During the past year, across the country, we have seen students’ unions mandated to march, campaign and lobby for the repeal of the eighth amendment. Working alongside the Union of Students in Ireland (USI), this movement has resulted in thousands of students descending on Dublin for protest marches, while smaller campaigns also took place on campuses across the country. The political impact of these marches and the wider issue of the consideration given to the student voice, however, has been questioned. Are these students just chanting slogans that fall on deaf ears, or is there substance to their efforts?

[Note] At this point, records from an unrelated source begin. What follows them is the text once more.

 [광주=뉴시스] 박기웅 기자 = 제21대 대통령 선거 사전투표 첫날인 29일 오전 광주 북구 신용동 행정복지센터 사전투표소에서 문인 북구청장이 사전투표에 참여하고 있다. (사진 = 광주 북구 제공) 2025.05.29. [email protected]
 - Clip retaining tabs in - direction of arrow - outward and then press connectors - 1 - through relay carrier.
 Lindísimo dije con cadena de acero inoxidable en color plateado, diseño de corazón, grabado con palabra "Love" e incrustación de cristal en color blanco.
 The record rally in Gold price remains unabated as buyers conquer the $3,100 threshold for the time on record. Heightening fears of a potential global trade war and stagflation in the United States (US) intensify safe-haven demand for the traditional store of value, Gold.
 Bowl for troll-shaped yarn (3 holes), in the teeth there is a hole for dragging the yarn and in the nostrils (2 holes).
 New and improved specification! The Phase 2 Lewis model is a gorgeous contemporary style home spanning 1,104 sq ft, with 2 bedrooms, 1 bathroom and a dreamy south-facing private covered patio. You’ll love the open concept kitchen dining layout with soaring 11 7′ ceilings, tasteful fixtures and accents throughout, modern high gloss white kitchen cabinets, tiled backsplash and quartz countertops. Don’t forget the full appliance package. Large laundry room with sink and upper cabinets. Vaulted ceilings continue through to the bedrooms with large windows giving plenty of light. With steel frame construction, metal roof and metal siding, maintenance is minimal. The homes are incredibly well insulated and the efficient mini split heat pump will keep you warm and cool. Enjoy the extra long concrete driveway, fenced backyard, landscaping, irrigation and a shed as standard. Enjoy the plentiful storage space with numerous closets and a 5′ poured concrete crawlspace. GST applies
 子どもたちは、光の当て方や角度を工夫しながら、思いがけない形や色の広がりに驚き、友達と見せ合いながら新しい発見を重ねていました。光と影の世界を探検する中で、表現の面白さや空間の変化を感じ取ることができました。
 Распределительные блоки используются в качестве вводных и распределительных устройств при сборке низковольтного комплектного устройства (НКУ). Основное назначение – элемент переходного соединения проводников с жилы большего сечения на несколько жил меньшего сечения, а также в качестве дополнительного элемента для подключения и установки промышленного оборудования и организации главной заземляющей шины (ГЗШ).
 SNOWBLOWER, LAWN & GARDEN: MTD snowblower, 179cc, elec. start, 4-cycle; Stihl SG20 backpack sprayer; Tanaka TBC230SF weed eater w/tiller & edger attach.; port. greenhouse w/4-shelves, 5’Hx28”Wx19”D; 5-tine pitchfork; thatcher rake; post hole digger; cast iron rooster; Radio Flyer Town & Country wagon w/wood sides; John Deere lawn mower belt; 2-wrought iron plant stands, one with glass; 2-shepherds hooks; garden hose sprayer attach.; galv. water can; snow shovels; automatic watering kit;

Looking at the history of the movement to gain access to abortion for women in Ireland, it is clear to see that students have always had a substantial impact. In September 1988, for example, the Society for the Protection of the Unborn Child (SPUC) began a series of legal actions against students’ unions who were providing information to students regarding safe access to abortion. Other student actions included marches protesting the arrest of the 14-year-old girl at the centre of the “X” case. Students took to the streets when the girl was arrested while attempting to travel to England for an abortion after being raped.

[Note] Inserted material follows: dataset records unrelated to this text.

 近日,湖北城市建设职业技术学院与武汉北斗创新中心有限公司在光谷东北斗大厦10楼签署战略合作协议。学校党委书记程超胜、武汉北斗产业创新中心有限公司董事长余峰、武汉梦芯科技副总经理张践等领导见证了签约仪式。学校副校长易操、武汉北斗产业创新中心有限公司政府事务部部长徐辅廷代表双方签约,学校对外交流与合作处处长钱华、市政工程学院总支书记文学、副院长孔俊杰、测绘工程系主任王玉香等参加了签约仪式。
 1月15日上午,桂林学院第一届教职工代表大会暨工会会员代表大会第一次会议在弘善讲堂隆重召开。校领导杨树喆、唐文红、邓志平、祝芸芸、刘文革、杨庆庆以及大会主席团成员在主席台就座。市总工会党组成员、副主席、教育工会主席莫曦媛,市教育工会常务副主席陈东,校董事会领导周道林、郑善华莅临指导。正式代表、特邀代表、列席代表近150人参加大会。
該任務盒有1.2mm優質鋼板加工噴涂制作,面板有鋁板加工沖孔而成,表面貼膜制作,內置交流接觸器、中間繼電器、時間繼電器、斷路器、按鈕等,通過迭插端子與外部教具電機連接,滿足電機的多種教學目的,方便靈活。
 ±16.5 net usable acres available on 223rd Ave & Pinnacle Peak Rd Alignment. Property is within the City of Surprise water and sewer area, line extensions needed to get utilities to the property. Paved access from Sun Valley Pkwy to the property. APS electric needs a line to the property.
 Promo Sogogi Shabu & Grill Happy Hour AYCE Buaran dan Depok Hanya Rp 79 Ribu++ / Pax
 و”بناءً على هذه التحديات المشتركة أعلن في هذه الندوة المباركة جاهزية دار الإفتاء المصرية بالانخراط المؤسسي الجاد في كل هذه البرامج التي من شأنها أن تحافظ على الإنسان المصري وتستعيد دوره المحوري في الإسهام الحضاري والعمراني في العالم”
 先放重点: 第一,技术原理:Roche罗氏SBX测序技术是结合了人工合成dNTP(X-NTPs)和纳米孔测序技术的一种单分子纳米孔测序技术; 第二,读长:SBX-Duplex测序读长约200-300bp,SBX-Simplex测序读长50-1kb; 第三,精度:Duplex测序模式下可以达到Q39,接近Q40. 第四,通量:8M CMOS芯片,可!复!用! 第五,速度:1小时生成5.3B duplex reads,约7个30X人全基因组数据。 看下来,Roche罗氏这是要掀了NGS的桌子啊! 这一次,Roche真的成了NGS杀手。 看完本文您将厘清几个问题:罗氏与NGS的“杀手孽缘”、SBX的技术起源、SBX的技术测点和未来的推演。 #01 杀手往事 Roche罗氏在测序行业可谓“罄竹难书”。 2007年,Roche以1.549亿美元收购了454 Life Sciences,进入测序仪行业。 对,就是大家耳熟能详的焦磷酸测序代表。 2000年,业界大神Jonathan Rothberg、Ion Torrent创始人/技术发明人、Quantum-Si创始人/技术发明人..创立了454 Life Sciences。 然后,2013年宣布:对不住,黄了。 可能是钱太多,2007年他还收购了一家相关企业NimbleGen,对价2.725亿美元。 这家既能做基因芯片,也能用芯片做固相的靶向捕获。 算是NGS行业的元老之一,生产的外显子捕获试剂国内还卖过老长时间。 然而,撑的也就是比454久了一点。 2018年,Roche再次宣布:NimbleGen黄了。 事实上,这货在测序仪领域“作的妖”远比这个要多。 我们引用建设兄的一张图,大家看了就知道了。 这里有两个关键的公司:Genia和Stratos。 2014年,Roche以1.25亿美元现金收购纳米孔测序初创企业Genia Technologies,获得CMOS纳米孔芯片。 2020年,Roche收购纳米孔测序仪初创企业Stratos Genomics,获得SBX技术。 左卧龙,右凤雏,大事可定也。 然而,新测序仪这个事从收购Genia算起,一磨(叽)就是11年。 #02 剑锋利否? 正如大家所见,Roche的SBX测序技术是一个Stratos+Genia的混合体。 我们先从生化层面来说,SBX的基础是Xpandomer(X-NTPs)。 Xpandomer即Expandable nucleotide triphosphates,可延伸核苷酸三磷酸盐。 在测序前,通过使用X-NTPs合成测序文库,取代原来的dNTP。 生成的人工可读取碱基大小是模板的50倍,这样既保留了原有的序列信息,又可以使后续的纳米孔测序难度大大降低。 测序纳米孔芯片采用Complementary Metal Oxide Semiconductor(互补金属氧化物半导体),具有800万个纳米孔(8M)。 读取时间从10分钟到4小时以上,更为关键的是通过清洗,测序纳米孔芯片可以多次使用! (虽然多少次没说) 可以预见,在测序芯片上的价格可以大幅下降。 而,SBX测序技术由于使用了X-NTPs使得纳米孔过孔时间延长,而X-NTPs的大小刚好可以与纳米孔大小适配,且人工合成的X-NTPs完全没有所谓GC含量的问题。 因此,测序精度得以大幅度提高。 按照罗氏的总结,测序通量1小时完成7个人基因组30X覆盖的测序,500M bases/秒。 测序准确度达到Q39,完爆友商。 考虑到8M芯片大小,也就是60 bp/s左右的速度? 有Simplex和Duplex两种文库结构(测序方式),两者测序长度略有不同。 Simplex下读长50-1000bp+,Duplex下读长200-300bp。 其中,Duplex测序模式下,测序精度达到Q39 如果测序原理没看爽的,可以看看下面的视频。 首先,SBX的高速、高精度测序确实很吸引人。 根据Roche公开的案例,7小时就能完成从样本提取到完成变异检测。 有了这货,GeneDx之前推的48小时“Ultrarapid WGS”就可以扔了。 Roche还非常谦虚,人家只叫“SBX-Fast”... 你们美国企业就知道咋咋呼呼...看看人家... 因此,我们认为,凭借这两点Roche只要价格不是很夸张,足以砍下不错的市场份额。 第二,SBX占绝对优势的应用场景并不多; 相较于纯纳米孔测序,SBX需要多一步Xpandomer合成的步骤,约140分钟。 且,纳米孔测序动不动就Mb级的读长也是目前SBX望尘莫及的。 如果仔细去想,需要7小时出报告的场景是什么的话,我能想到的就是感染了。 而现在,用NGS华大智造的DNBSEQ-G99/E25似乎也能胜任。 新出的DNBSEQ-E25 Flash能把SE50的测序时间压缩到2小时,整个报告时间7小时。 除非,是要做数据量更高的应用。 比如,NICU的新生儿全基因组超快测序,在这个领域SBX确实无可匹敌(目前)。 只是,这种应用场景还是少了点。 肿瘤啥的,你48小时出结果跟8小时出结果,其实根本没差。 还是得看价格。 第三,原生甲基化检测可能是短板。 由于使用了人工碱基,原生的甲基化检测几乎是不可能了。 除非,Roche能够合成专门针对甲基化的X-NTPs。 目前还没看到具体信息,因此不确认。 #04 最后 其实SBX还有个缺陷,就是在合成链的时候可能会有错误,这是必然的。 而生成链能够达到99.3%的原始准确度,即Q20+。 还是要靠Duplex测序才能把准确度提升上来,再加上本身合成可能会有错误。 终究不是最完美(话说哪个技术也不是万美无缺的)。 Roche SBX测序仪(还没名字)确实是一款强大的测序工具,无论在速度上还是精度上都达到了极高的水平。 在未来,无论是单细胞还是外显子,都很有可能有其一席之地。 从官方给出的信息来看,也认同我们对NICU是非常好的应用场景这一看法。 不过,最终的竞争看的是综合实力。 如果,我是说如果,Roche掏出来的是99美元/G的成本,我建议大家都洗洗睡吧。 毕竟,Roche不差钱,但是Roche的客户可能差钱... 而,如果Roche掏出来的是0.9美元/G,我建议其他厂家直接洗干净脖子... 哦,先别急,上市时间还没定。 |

Ivana Bacik, Senator and Reid Professor of Criminal Law, Criminology and Penology and former President of Trinity College Dublin Students’ Union (TCDSU); and Maxine Brady, former President of USI, were heavily involved in student movements in what could be considered the last time the issue of abortion was on the national agenda.

Twenty years since her personal involvement against the pro-life SPUC, Bacik is still opinionated on the issue of reproductive rights. Having attended Trinity during the 1980s, when the issue of students’ unions providing information about safe abortions was at intense heights, it was not long before the atmosphere of activism in the college engrossed Bacik into the conversation. Prior to her role as TCDSU President, Bacik was involved in a women’s group on campus. Describing her involvement to The University Times, she says that she and others were “involved in the campaign for reproductive rights”, and that “we were all out there supporting, what was then, pro-information”. Bacik and the other women involved in the campaign for information “were aware that there were already litigations against student union offices the year before I was elected”. Instead of deterring them, however, they continued to provide information to students who needed it.

Bacik remembers being 18 or 19 years old and attending a meeting in Liberty Hall following the Hamilton judgment that granted SPUC an injunction against the Dublin Well Woman Centre and Open Line Counselling, preventing them from providing non-directive pregnancy information. Bacik cites this meeting as “a pivotal meeting for many of us who were quite young”.

Bacik and the other women involved in the campaign for information “were aware that there were already litigations against student union offices the year before I was elected”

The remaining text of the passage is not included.